◆ **Required action**
Copy every record verbatim. Leave the pictures out.
[Listed entries — start]
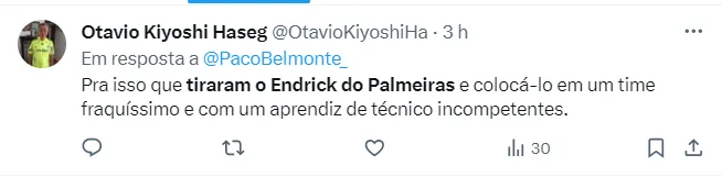Outro alviverde exclamou: “Pra isso que tiraram o Endrick do Palmeiras e colocá-lo em um time fraquíssimo e com um aprendiz de técnico incompetente”. Confira mais comentários da torcida do Verdão ao final da matéria.
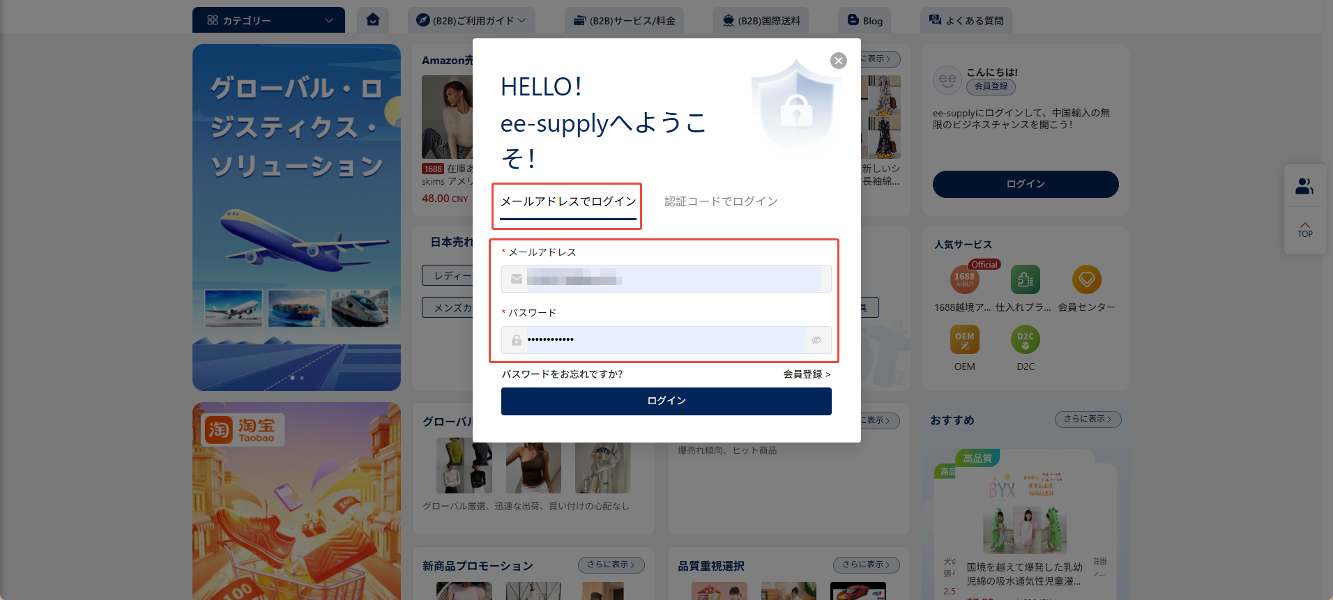 1. 2.Hubbuyerサイトのトップページ左上にある「ログイン」ボタンをクリックすると、ログイン用のポップアップが表示されます。
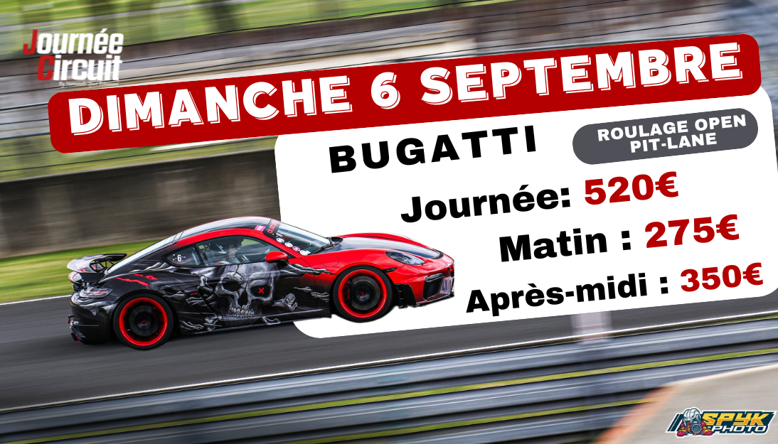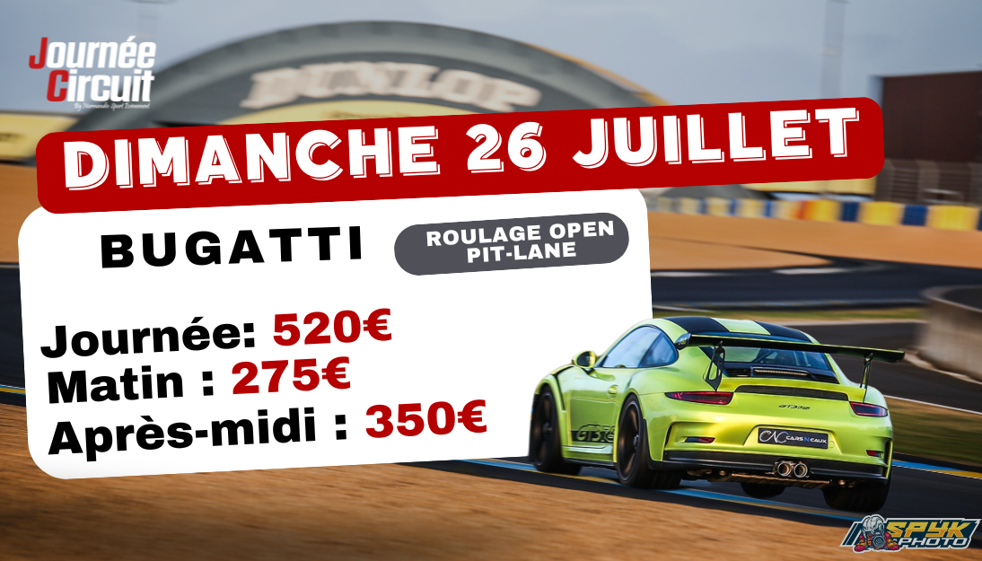 2026-03-01 08:00:00 2026-03-01 18:00:00 Europe/Paris Journée Circuit Bugatti Dimanche 1er Mars 2026 Reservations on : https://www.billetweb.fr/journee-circuit-bugatti-dimanche-1er-mars-2026 -- Open Pit Lane -> pas de session sauf la session femmes -> piste réservée 15 min de 14h à 14h15. 30 voitures max en même temps sur le circuit de 4,185 km. ⚠️ Conditions de participation Véhicules acceptés : cliquez ici  Limite sonore : 100 dB Permis B obligatoire +18 ans (licence non acceptée)  Assurance RC Circuit obligatoire  Équipements conformes au règlement FFSA Décharge à remplir en ligne avant la journée ✅ Inclus avec votre inscription 1 voiture + 1 pilote + 3 accompagnants (non passagers) Coaching découverte/débutant Open bar toute la journée Assistance mécanique sur place ➕ Options disponibles Pilote supplémentaire Passager (+16 ans) RC Circuit  Photos souvenirs Location équipement (casque, combinaison, HANS) Transport véhicule Réservation box (auprès du circuit) (-> Souscrire une option oubliée après inscription ) ℹ️ Infos pratiques -> Formulaire PMR -> Formulaire annulation ou revente  -> Souscrire à une assurance annulation Vous changez de véhicule -> Prévenez-nous par mai… Circuit Bugatti, Le Mans, France Normandie Sport Evenement
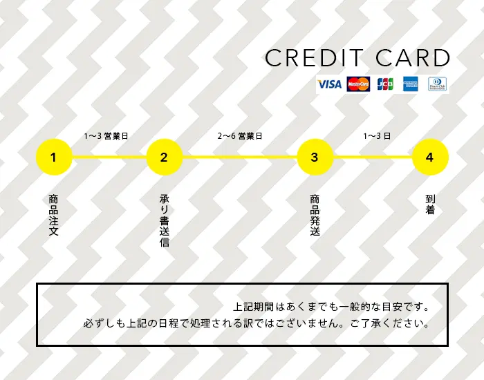 - 「ご注文承り書」発行後、6〜14営業日以内に商品を発送します。
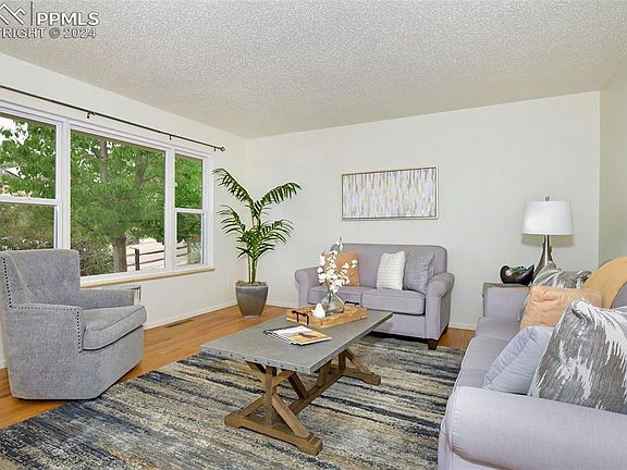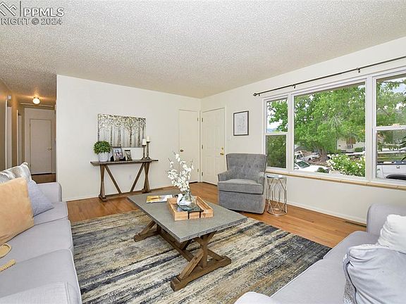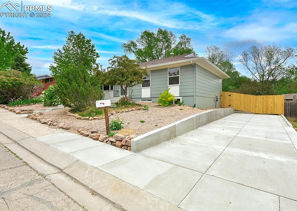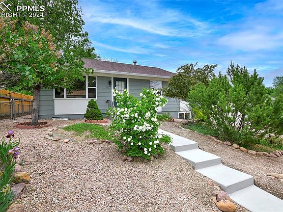 This home is much bigger than it looks on the outside and the room sizes are large, check out the square footage. There is a new concrete driveway for off street parking big enough to hold 3 cars tandem or an RV with room to spare. This is a ranch style home that has been nicely updated throughout with 3 bedrooms and 2 baths on the main level plus a full basement that is sunny and bright with 2 big garden level windows. There is an easy option for a 4th bedroom, room for closet space, and a rough-in for a 3rd full bathroom downstairs. The basement also offers loads of storage space in the large laundry area. From the front window there are views of mountains and you can see Pikes Peak. There are gorgeous oak hardwood floors in excellent condition that are original to the home, in the living room, hallway and bedrooms. The large country kitchen offers plenty of dining space and walks out to a wood deck and private back yard with mature trees, blooming gardens and a paver patio. All appliances are included and the fridge, dishwasher, and central AC unit were installed in 2022. The washer and dryer and extra fridge downstairs are from 2023, and there is a brand new kitchen stove in 2024. New paint inside and out, new main level hallway bathroom, new carpet downstairs, and a brand new roof was just installed that is not shown in the photos. The front yard is nicely xeri scaped with garden areas. Move-in ready and in a great location, close to schools, shopping, restaurants, Old Colorado City and Garden of the Gods. A rare find on the west side at this price.
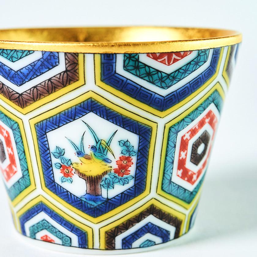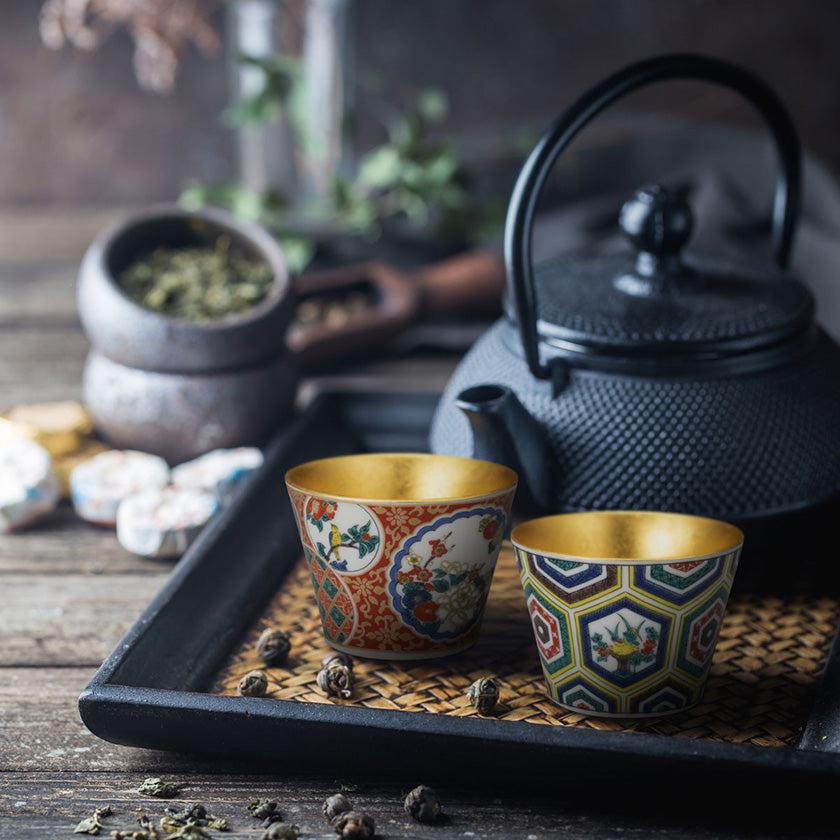 金沢箔の輝きに負けないほどの豊かな色彩をもつ九谷焼がコラボしたカップは、伝統的な美しさもありながらモダンで粋な逸品。特別感あふれるカップは、食卓を華やかに、かつその美しい彩が空間をぐっと引き締めてくれます。
[Listed entries — finish]
◆ **Output for this task**
Outro alviverde exclamou: “Pra isso que tiraram o Endrick do Palmeiras e colocá-lo em um time fraquíssimo e com um aprendiz de técnico incompetente”. Confira mais comentários da torcida do Verdão ao final da matéria.
 1. 2.Hubbuyerサイトのトップページ左上にある「ログイン」ボタンをクリックすると、ログイン用のポップアップが表示されます。
 2026-03-01 08:00:00 2026-03-01 18:00:00 Europe/Paris Journée Circuit Bugatti Dimanche 1er Mars 2026 Reservations on : https://www.billetweb.fr/journee-circuit-bugatti-dimanche-1er-mars-2026 -- Open Pit Lane -> pas de session sauf la session femmes -> piste réservée 15 min de 14h à 14h15. 30 voitures max en même temps sur le circuit de 4,185 km. ⚠️ Conditions de participation Véhicules acceptés : cliquez ici  Limite sonore : 100 dB Permis B obligatoire +18 ans (licence non acceptée)  Assurance RC Circuit obligatoire  Équipements conformes au règlement FFSA Décharge à remplir en ligne avant la journée ✅ Inclus avec votre inscription 1 voiture + 1 pilote + 3 accompagnants (non passagers) Coaching découverte/débutant Open bar toute la journée Assistance mécanique sur place ➕ Options disponibles Pilote supplémentaire Passager (+16 ans) RC Circuit  Photos souvenirs Location équipement (casque, combinaison, HANS) Transport véhicule Réservation box (auprès du circuit) (-> Souscrire une option oubliée après inscription ) ℹ️ Infos pratiques -> Formulaire PMR -> Formulaire annulation ou revente  -> Souscrire à une assurance annulation Vous changez de véhicule -> Prévenez-nous par mai… Circuit Bugatti, Le Mans, France Normandie Sport Evenement
 - 「ご注文承り書」発行後、6〜14営業日以内に商品を発送します。
 This home is much bigger than it looks on the outside and the room sizes are large, check out the square footage. There is a new concrete driveway for off street parking big enough to hold 3 cars tandem or an RV with room to spare. This is a ranch style home that has been nicely updated throughout with 3 bedrooms and 2 baths on the main level plus a full basement that is sunny and bright with 2 big garden level windows. There is an easy option for a 4th bedroom, room for closet space, and a rough-in for a 3rd full bathroom downstairs. The basement also offers loads of storage space in the large laundry area. From the front window there are views of mountains and you can see Pikes Peak. There are gorgeous oak hardwood floors in excellent condition that are original to the home, in the living room, hallway and bedrooms. The large country kitchen offers plenty of dining space and walks out to a wood deck and private back yard with mature trees, blooming gardens and a paver patio. All appliances are included and the fridge, dishwasher, and central AC unit were installed in 2022. The washer and dryer and extra fridge downstairs are from 2023, and there is a brand new kitchen stove in 2024. New paint inside and out, new main level hallway bathroom, new carpet downstairs, and a brand new roof was just installed that is not shown in the photos. The front yard is nicely xeri scaped with garden areas. Move-in ready and in a great location, close to schools, shopping, restaurants, Old Colorado City and Garden of the Gods. A rare find on the west side at this price.
 金沢箔の輝きに負けないほどの豊かな色彩をもつ九谷焼がコラボしたカップは、伝統的な美しさもありながらモダンで粋な逸品。特別感あふれるカップは、食卓を華やかに、かつその美しい彩が空間をぐっと引き締めてくれます。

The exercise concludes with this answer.